If anything is wrong, please let me know and I'll correct it.

I think this can be a possible answer:
[After left factoring and making it unambiguous]
Let other = a
S -> iEtT | a
T -> S | aeS
I am generating all if's first and associating the else with the recent unassociated if .
If I have to get an else, I should be eliminating the possibility of getting a new if between the current unassociated if and corresponding else.
However I am allowing the possibility of getting an if after generating the corresponding else.
Point out if there are any errors.
Thank you.

Related

Is this grammar LR(2) and how can i determine it?

to determine if my parser is working correctly i need to find a lr(2+) grammar. After a quick research i have found this grammar and i believe that it is lr(2). However, i am not sure how to determine this.
Terminals: b, e, o, r, s
NonTerminals: A, B, E, Q, SL
Start: P
Productions:
P -> A
A -> E B SL E | b e
B -> b | o r
E -> e | Ɛ
SL -> s SL | s
I would be glad, if someone is able to confirm or deny that this grammar is lr(2) and at best give me a brief explanation on how to determine it by myself.
Thank you very much!
I'm pretty sure it's LR(2), but I don't have an LR(2) parser generator handy to test it, which would be the definitive way to do the test. Of course, you could generate the parser tables by hand. It's not that complicated a grammar, so it shouldn't take you too long.
It's certainly not LR(1), as can be seen from the pair of inputs:
b e
b s e
The left-most derivations are:
P->A->b e
P->E B SL E->B SL E->b SL E->b s E->b s e
So at the beginning of the parse, the parser can either shift a b in order to follow the first derivation chain or reduce an empty sequence to E in order to proceed with the second derivation chain. The second token is needed to choose between these two options, hence a lookahead of at least 2 is required.
As a side note, it should be pretty simple to mine StackOverflow for LR(2) grammars; they come up from time to time in questions. Here's a few I found by searching for LALR(2): (I used a Google search with site:stackoverflow.com because SO's own search engine doesn't do well with search patterns which aren't words. Not that Google does it well, but it does do it better.)
Solving bison conflict over 2nd lookahead
Solving small shift reduce conflict
Persistent Shift - Reduce Conflict in Goldparser
How to reduce parser stack or 'unshift' the current token depending on what follows?
I didn't verify the claims in those questions and answers, and there are other questions which didn't seem to have as clear a result.
The most classic LALR(2) grammar is the grammar for Yacc itself, which is pretty ironic. Here's a simplified version:
grammar: %empty | grammar production
production: ID ':' symbols
symbols: %empty | symbols symbol
symbol: ID | QUOTED_LITERAL
That simple grammar leaves out actions and the optional semicolon. But it captures the essence of the LALR(2)-ness of the grammar, which is precisely the result of the semicolon being optional. That's not a complaint; the grammar is unambiguous so the semicolon really is redundant and no-one should be forced to type a redundant token :-)

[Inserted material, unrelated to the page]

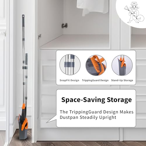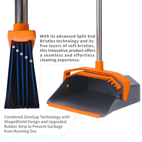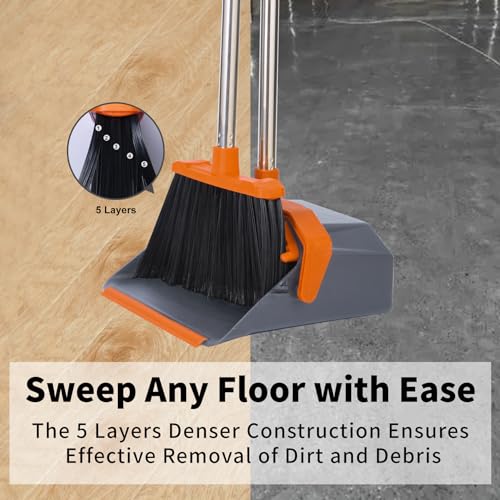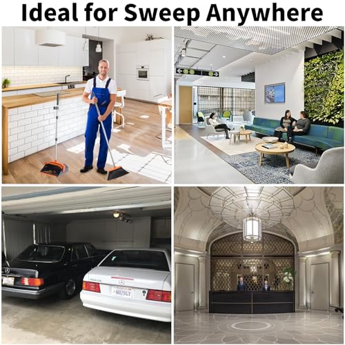 Brooms and Dustpans 3-Pack, Commercial Broom with Dustpan Combo Set, Large Brooms with 51'' Long Handle, Self-Cleaning Dust Pan Teeth for Home Hall Lobby Office Garage - Black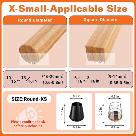 Chair Leg Floor Protectors Extra Small 24 Pcs,Silicone Chair Leg Protectors for Hardwood Floors/Tiles,360°Wrapped Felt Bottom to Prevent Scratch and Reduce Noise, Round Black

How to eliminate this Left Recursion for LL Parser

How do you eliminate a left recursion of the following type. I can't seem to be able to apply the general rule on this particular one.
A -> A | a | b
By using the elimination rule you get:
A -> aA' | bA'
A' -> A' | epsilon
Which still has left recursion.
Does this say anything about the grammar being/not being LL(1)?
Thank you.
Notice that the rule
A → A
is, in a sense, entirely useless. It doesn't do anything to a derivation to apply this rule. As a result, we can safely remove it from the grammar without changing what the grammar produces. This leaves
A → a | b
which is LL(1).

Conflict in CLR parsing

This is the grammar:
S' -> S
S-> aBc|bCc|aCd|bBd
B ->e
C ->e
I parsed in CLR then reduce/reduce conflict arose. What to do next? I have attached my solved problem below.
Anybody please tell me what to do next
Err... fix the conflict?
It's very clear even just from the last two productions, when the parser meets either c or d after e:
B -> e . {c, d}
C -> e . {c, d}
single lookahead is not enough to determine whether above condition should reduce to B or C.
Parser generators usually have a solution by taking the one that appears first in the grammar, but this is not always a good case. In above grammar, if this solution is taken, the parser won't be able to parse bec and aed due to e always reduces to B.
I suggest changing the grammar such that no conflict occurs. You know the whole grammar can only produce aec, bec, aed and bed. See what's better in the sequences to be made separate production that will reduce uniquely.

fixing a grammar to LR(0)

Question:
Given the following grammar, fix it to an LR(O) grammar:
S -> S' $
S'-> aS'b | T
T -> cT | c
Thoughts
I've been trying this for quite sometime, using automatic tools for checking my fixed grammars, with no success. Our professor likes asking this kind of questions on test without giving us a methodology for approaching this (except for repeated trying). Is there any method that can be applied to answer these kind of questions? Can anyone show this method can be applied on this example?
I don't know of an automatic procedure, but the basic idea is to defer decisions. That is, if at a particular state in the parse, both shift and reduce actions are possible, find a way to defer the reduction.
In the LR(0) parser, you can make a decision based on the token you just shifted, but not on the token you (might be) about to shift. So you need to move decisions to the end of productions, in a manner of speaking.
For example, your language consists of all sentences { ancmbn$ | n ≥ 0, m > 0}. If we restrict that to n > 0, then an LR(0) grammar can be constructed by deferring the reduction decision to the point following a b:
S -> S' $.
S' -> U | a S' b.
U -> a c T.
T -> b | c T.
That grammar is LR(0). In the original grammar, at the itemset including T -> c . and T -> c . T, both shift and reduce are possible: shift c and reduce before b. By moving the b into the production for T, we defer the decision until after the shift: after shifting b, a reduction is required; after c, the reduction is impossible.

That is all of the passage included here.